Я заранее прошу прощения, если это кажется более сложным, чем необходимо.Пытался сделать его более минимальным, чем этот, но тогда некоторые вопросы было сложнее сформулировать.Таким образом, это максимально близко к моей ситуации.У меня есть некоторые данные, которые я хочу дополнить функцией, аналогичной описанной ниже.Но при реализации подгонки pyMC3, как во втором разделе кода, я сталкиваюсь с ошибками, связанными с этими двумя вопросами.
# some constants and fixed things
rin = 1.
rout = 1000.
tmin = 10.
x = np.arange(0.1, 10, 0.2)
# parameters to be fitted
a = 4.0
b = 0.5
c = 10
# define r_struct, depends on b, but is one value
r_struct = 0.1**(1./b)
# nrad below, the number of radial points,
# depends on r_struct and the constant rout
# QUESTION 1 here
nrad = round(r_struct, -1) + round((rout - r_struct)/10., -1) * 2
# define the radial bins, logarithmically spaced
rbins = np.logspace(np.log10(rin), np.log10(rout), num=nrad+1, endpoint=True)
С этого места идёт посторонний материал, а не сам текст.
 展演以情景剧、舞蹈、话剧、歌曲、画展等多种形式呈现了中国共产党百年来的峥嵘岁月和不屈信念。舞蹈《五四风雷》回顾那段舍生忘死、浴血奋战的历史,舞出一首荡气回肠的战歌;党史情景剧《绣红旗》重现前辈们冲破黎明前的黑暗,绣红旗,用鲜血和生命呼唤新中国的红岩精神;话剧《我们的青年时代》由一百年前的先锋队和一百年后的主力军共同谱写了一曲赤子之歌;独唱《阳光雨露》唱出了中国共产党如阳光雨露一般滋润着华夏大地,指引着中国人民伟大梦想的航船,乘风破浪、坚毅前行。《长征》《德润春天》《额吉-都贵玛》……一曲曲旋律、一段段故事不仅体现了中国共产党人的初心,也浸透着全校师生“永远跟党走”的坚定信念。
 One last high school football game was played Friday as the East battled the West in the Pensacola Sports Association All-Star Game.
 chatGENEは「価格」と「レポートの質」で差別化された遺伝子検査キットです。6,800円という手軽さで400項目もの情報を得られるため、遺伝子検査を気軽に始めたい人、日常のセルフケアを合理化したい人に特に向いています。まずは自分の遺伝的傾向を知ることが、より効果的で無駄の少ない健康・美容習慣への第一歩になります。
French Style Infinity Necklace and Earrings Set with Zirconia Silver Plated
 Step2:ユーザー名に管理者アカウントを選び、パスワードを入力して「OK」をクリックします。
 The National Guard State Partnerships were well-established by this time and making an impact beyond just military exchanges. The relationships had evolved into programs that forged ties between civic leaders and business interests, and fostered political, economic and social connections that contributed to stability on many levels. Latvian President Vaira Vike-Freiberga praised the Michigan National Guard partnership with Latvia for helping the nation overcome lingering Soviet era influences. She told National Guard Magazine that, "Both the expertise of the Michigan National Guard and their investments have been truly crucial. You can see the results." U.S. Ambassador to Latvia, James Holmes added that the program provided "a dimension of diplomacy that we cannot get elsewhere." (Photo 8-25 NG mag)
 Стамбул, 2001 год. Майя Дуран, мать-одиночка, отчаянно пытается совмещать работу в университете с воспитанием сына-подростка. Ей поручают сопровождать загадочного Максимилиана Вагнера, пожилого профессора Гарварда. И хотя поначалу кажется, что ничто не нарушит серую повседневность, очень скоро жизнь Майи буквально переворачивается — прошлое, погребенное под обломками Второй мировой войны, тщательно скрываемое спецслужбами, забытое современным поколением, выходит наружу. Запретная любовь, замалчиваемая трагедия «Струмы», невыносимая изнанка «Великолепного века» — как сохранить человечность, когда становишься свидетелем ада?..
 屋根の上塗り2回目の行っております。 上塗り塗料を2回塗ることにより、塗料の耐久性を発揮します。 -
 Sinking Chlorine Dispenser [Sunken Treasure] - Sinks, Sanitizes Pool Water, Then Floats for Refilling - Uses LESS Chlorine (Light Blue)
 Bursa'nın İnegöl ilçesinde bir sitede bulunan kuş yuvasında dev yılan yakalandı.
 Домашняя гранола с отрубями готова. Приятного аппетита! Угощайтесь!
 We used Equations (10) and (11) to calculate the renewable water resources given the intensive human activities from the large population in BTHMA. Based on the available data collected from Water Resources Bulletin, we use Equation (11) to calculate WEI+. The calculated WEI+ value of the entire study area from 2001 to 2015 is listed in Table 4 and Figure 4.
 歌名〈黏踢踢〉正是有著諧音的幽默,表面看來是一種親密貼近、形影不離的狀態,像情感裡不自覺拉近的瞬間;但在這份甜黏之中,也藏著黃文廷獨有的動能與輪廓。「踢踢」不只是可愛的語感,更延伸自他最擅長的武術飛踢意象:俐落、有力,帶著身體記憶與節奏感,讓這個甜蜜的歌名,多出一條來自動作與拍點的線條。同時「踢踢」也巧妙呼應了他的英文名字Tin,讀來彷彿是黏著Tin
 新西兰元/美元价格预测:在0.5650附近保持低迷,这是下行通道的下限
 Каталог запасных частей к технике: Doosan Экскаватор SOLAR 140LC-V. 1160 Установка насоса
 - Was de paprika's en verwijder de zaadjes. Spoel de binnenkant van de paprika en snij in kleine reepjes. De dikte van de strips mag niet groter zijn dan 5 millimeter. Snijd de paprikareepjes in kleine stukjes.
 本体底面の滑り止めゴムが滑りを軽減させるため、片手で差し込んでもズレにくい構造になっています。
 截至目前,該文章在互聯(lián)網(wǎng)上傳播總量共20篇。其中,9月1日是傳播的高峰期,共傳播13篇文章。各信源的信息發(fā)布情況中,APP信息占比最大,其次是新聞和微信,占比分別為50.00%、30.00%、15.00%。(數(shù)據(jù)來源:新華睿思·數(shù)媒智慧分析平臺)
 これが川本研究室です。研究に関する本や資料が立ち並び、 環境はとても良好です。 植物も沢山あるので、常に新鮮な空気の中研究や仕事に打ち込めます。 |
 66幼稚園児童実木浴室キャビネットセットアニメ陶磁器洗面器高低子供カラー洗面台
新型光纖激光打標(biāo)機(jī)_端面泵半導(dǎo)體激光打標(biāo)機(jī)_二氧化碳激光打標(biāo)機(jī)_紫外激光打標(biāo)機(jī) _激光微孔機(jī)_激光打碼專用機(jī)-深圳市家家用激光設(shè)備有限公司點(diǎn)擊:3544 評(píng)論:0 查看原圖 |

rad = 10**(( np.log10(rbins[1:]) + np.log10(rbins[:-1]))/2.)
t = rad**(-b)
# QUESTION 2 here
# t cannot go below tmin, so I do this
t[t < tmin] = tmin
# then I want to know where the limit of r_struct is here
iout = rad > r_struct
iin = rad <= r_struct
# depending on if rad is past r_struct or not
# I do two different things.
c1 = c_struct * (rad[iin]/50.)**(-1.*a)
taper = np.exp( -(rad[iout]/rad[iout][0])**(2.-a) )
c2 = c_taper * taper/taper[0]
tau = np.append(c1, c2)
y_true = J0( x[:, np.newaxis] * rad) * (t * (1.0 - np.exp(-1.*tau) ) )
y_true = y_true.sum(axis=1)
y_obs = y_true + np.random.normal(size=len(x))*50
y_error = np.ones_like(y_true)*0.1*y_true.max()
plt.errorbar(x,y_obs, yerr= y_error, color='r', marker='.', ls='None', label='Observed')
plt.plot(x,y_true, 'b', marker='None', ls='-', lw=1, label='True')
plt.xlabel('x'); plt.ylabel('y'); plt.legend()
OKтак что теперь я хочу вписать это в PyMC3.Я начал со следующего:
with pm.Model() as basic_model:
# parameters
a = pm.Uniform("a", 0, 10)
b = pm.Uniform("b", 0, 10)
c = pm.Uniform("c", 0,100)
r_struct = 0.1**(1./b)
nrad = round(r_struct, -1) + round((rout - r_struct)/10., -1) * 2
rbins = np.logspace(np.log10(rin), np.log10(rout), num=nrad+1, endpoint=True)
rad = 10**(( np.log10(rbins[1:]) + np.log10(rbins[:-1]))/2.)
t = rad**(-b)
t[t < tmin] = tmin
iout = rad > r_struct
iin = rad <= r_struct
c1 = c_struct * (rad[iin]/50.)**(-1.*a)
taper = np.exp( -(rad[iout]/rad[iout][0])**(2.-a) )
c2 = c_taper * taper/taper[0]
tau = np.append(c1, c2)
y_true = J0( x[:, np.newaxis] * rad) * (t * (1.0 - np.exp(-1.*tau) ) )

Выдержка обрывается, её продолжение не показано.